2011 - ISBTS 2011 Symposium
Oral Communications 16: Long Term Outcomes
21.318 - Long term follow-up of patients referred for intestinal or multivisceral transplantation - the nordic experience
Presenter: Jonas, Varkey, Partille, Sweden
Authors: Jonas Varkey1, Magnus Simrén1, Gustaf Herlenius2
Long term follow-up of patients referred for intestinal or multivisceral transplantation - the nordic experience
Jonas Varkey1, Magnus Simrén1, Gustaf Herlenius2
1Department of Internal Medicine, The Sahlgrenska University Hospital, Gothenburgh, Sweden; 2Department of Transplantation, Faculty of Surgery, The Sahlgrenska University Hospital, Gothenburgh, Sweden
Introduction: Suggestions regarding a pre-emptive approach have been proposed since the outcome of transplantation has improved. However, the major issue is the long term survival after transplantation in comparison to continued home parenteral nutrition (HPN).
Aim: To investigate the outcome of patients evaluated for intestinal (ITx) or multivisceral transplantation (MvTx).
Methods: All patients referred for ITx or MvTx to the Sahlgrenska University Hospital and HRH Queen Silvia Children´s hospital from February 1998 to March 2010, 43 adults (median age 44(20-67) years; 27F) and 19 children (median age 6(0.5-13) years; 11F) were included.
Patient assessment was done by a multidisciplinary team and criteria for enrolment on the waiting list were based on standardized guidelines.
Results: 19(43%) adults and 11(58%) children were listed for Tx. Of these, 15 adults and 5 children underwent Tx.
A comparison of the 2 and 5 year survival rate was done between different patient groups. In the Tx patients, there was a difference of 78% and 60% whereas the difference in the probable future candidates was 95% and 79%. However among patients awaiting Tx the survival was 40% and in the non-accepted patients 55%.

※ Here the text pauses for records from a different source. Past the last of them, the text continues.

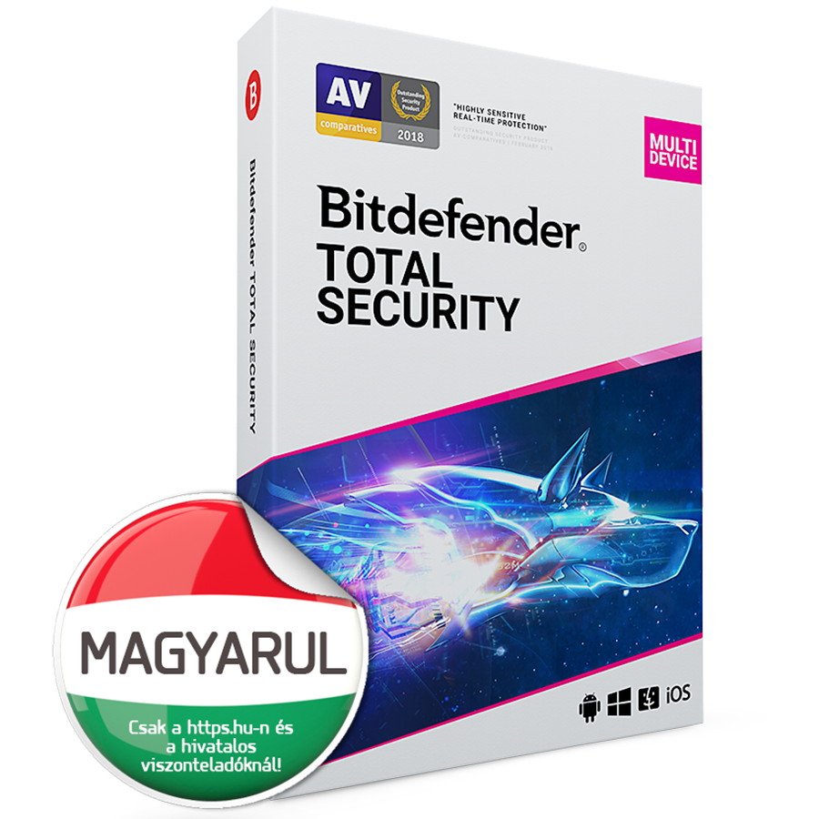 A Bitdefender Total Security egy háztartásban 5 eszközön (PC, notebook, tablet vagy telefon), magyar nyelven 1 évig használható. A vírusvédelmen és személyi tűzfalon kívül a fejlett fenyegetések, a banki adatok megszerzése és jelszólopások ellen is védelmet nyújt, a számítógép titkosítását és a sérülékeny
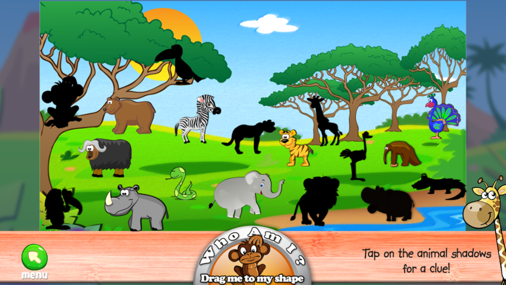 Teaches children to recognise animal shapes, as well as sounds that wild animals make.
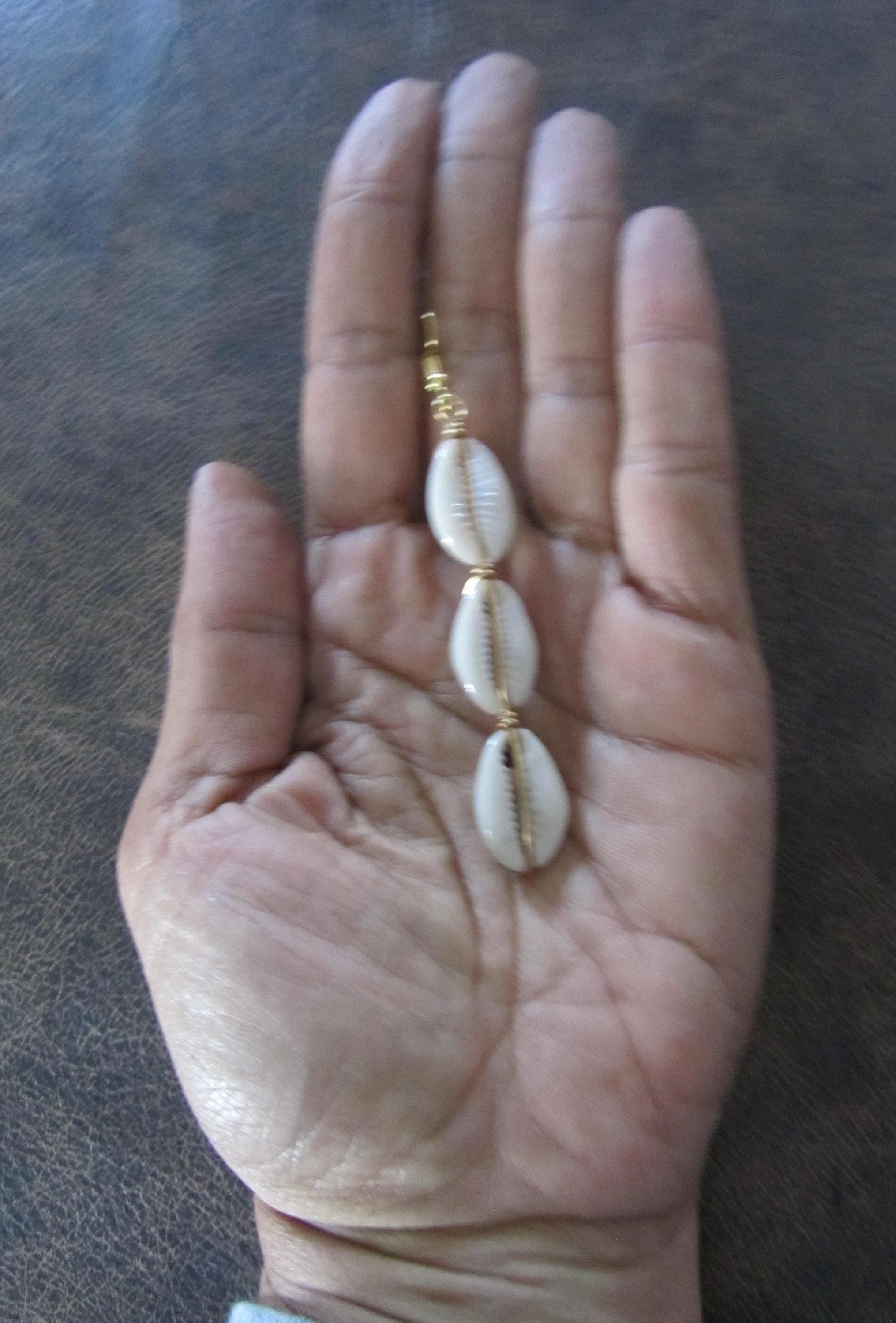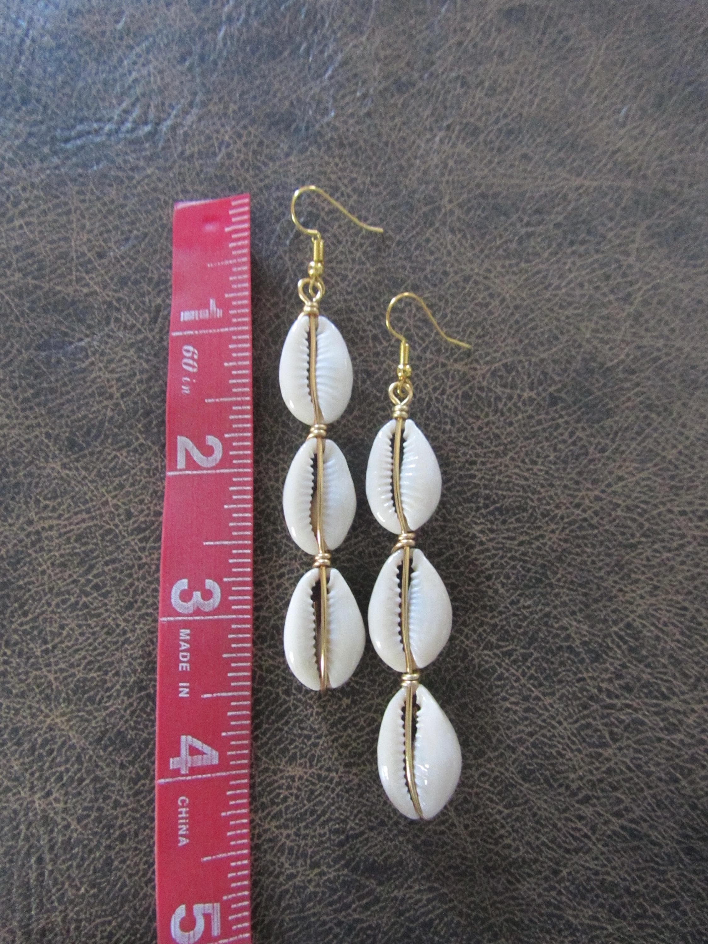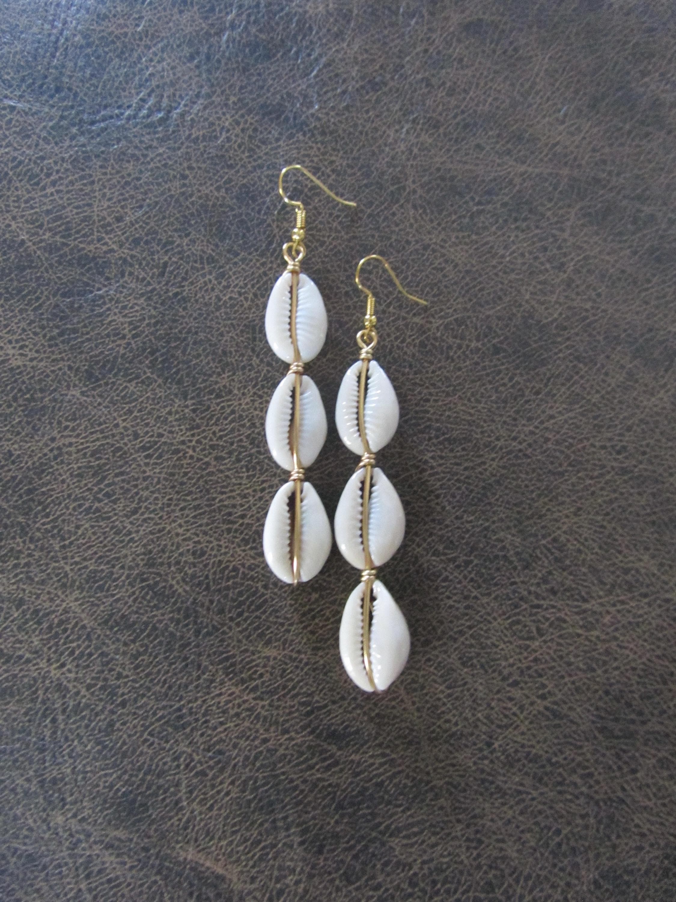 Long cowrie shells earrings. French hooks.
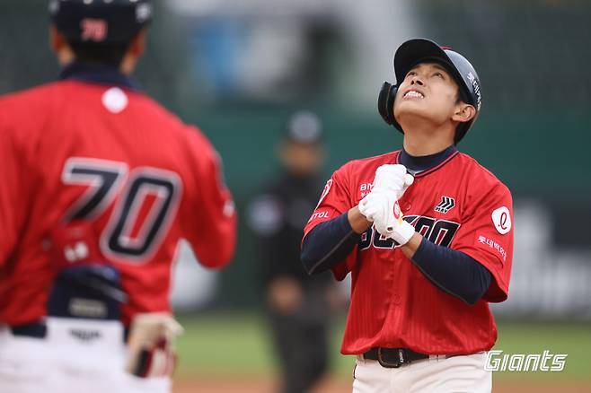 황성빈은 빅터 레이예스 타석에서 도루에 성공하며 엄상백을 흔들었고, 타자는 3구째 체인지업을 공략해 우측 담장을 넘기는 투런홈런을 쳤다. 스코어 3-0.
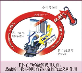 空气压缩机的优化和改进仅仅是提高压缩空气生产时能源利用率任务中的一部分。一些次要因素和进一步性能改进也是非常重要的因素,如热能的回收再利用(见图5)
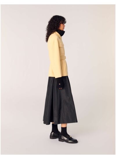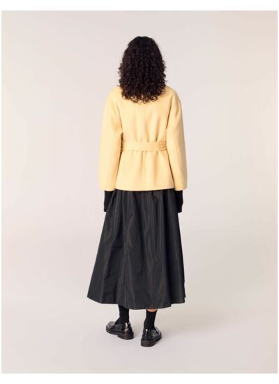 Ce manteau est-il adapté aux températures hivernales ? Ce manteau court double face Maje offre une bonne isolation grâce à ses matériaux de qualité, idéal pour les saisons froides sans être trop volumineux. Son design ceinturé permet d’ajuster la coupe pour maximiser la chaleur.
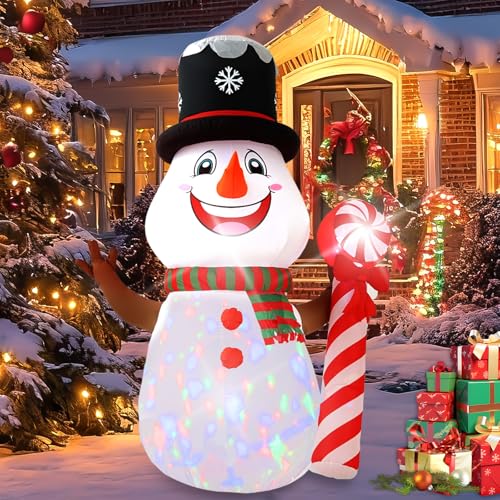 InfleasJoiy 8FT Candy Cane Snowman Christmas Decoration with Built-in LED Lights and Colorful Rotating Lights, Christmas Outdoor Inflatable Decoration for Lawns, Yards, Gardens, and Patios
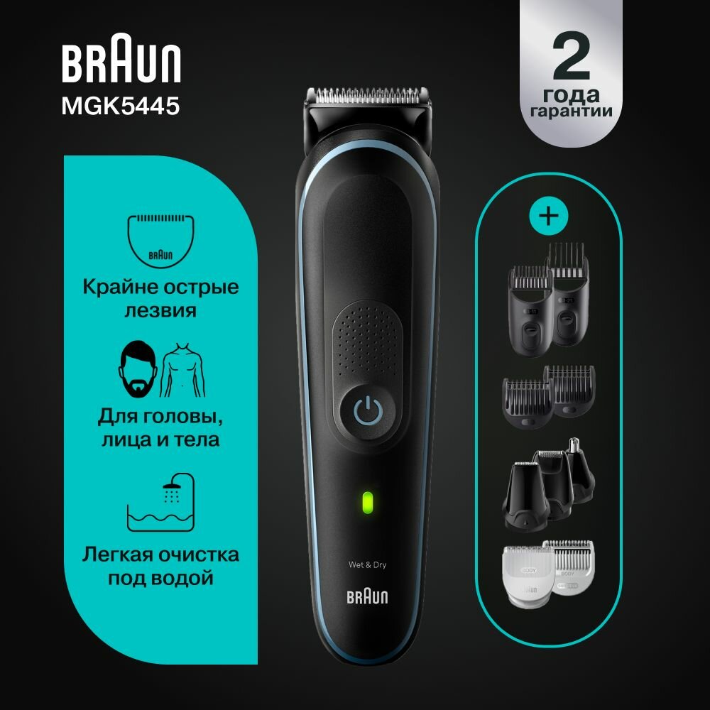 Триммер универсальный Braun MGK5440, 5 насадок, 13 настроек длины, светодиодный индикатор заряда, черный
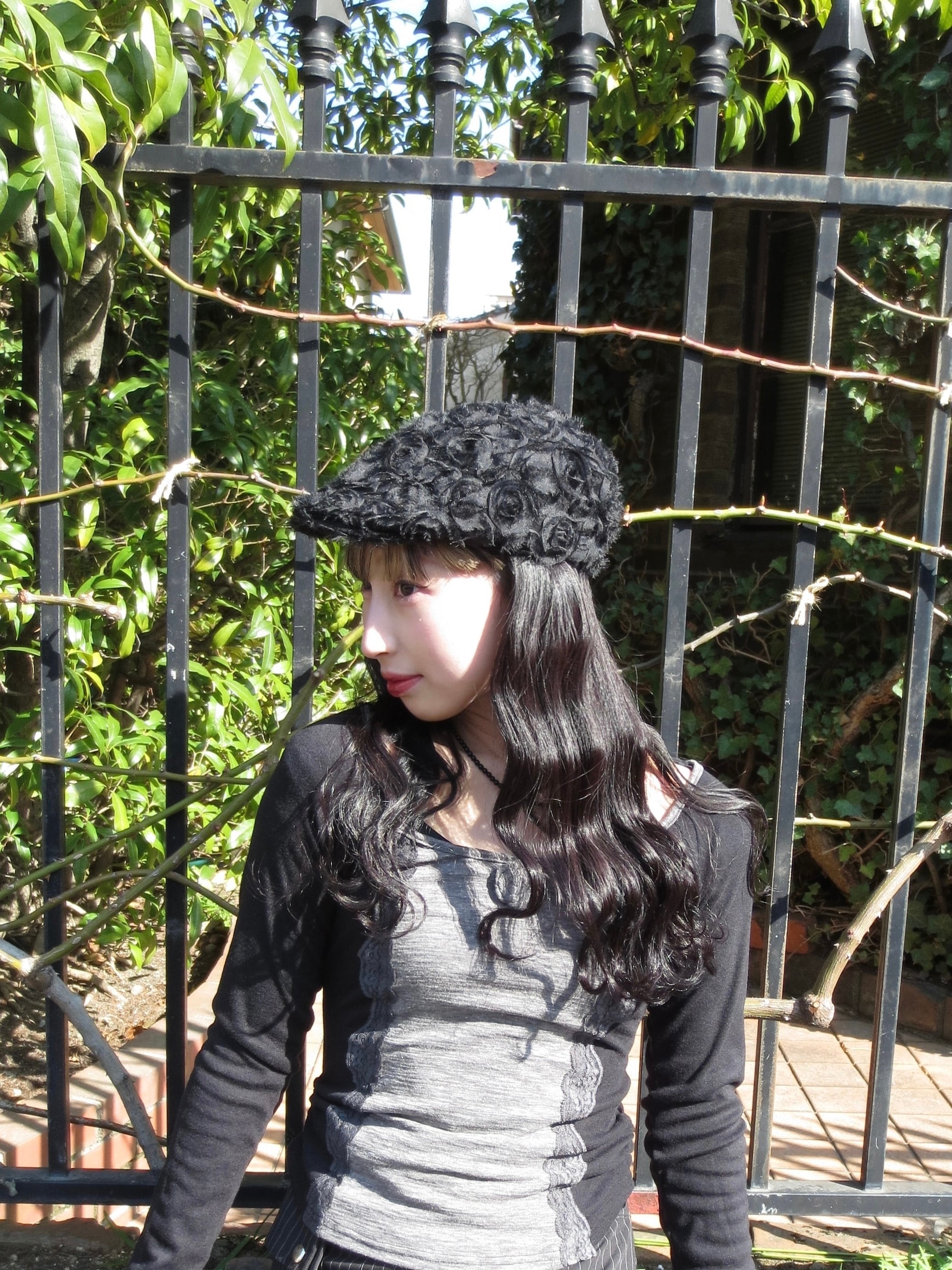 ローズデザインが可愛らしい印象を与えるハンチング。
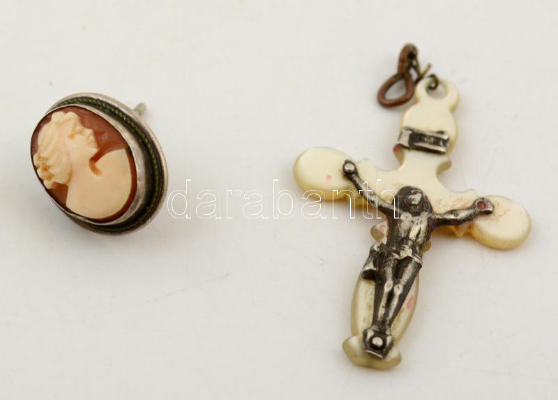 Beschreibung: Antik cameos fülbevaló (egy db) és egy gyöngyházás feszület medál
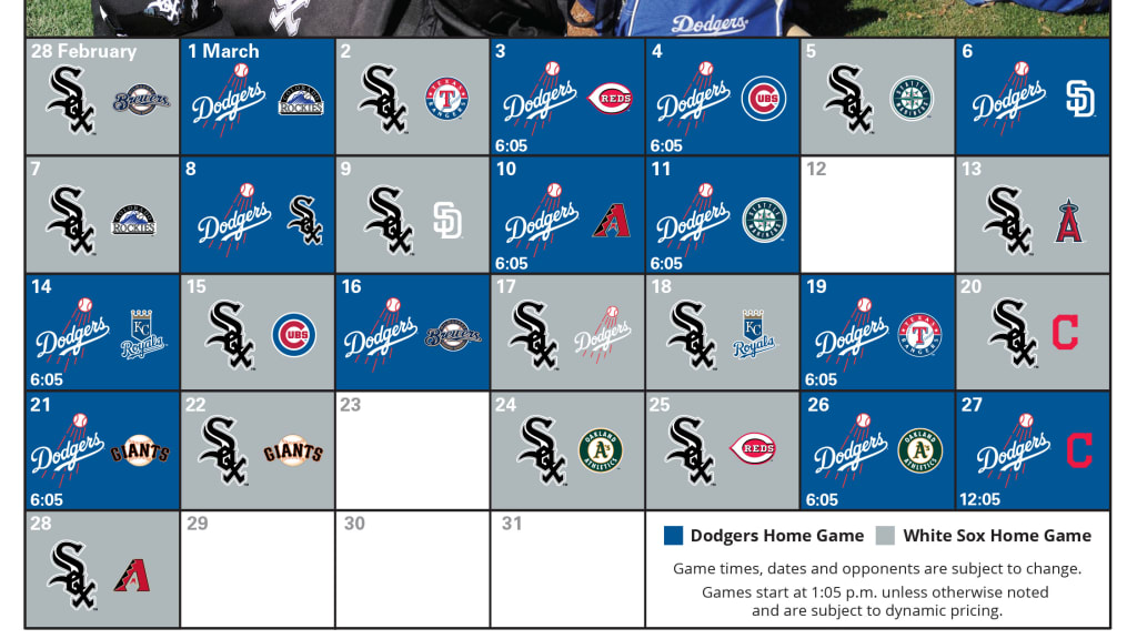 The White Sox open the CR-G schedule against the Milwaukee Brewers on Sunday, Feb. 28. The Dodgers debut at home the following day when they welcome the Colorado Rockies on Monday, March 1.

The 2 year survival rate in the transplanted patients between the time eras 1998-2002 vs 2003-2009 tends to show an improvement of 57% and 85% respectively (p=0.15).
The study of total mortality in the adults shows the following: Transplanted -53%; awaiting Tx -50%; non-accepted patients-29%. In children, 67% of those awaiting Tx and 13% of the non-accepted patients died. All of the transplanted children survived.
The causes of death were as follows: patients awaiting Tx- 100% related to HPN; transplanted patients -63% Tx related factors and non-candidates- 43% due to comorbibities. The deceased children died due to HPN related complications.
Conclusion: Our results confirm the poor prognosis in patients awaiting intestinal transplantation and support the potential lifesaving role of timely transplantation in a selected group of patients.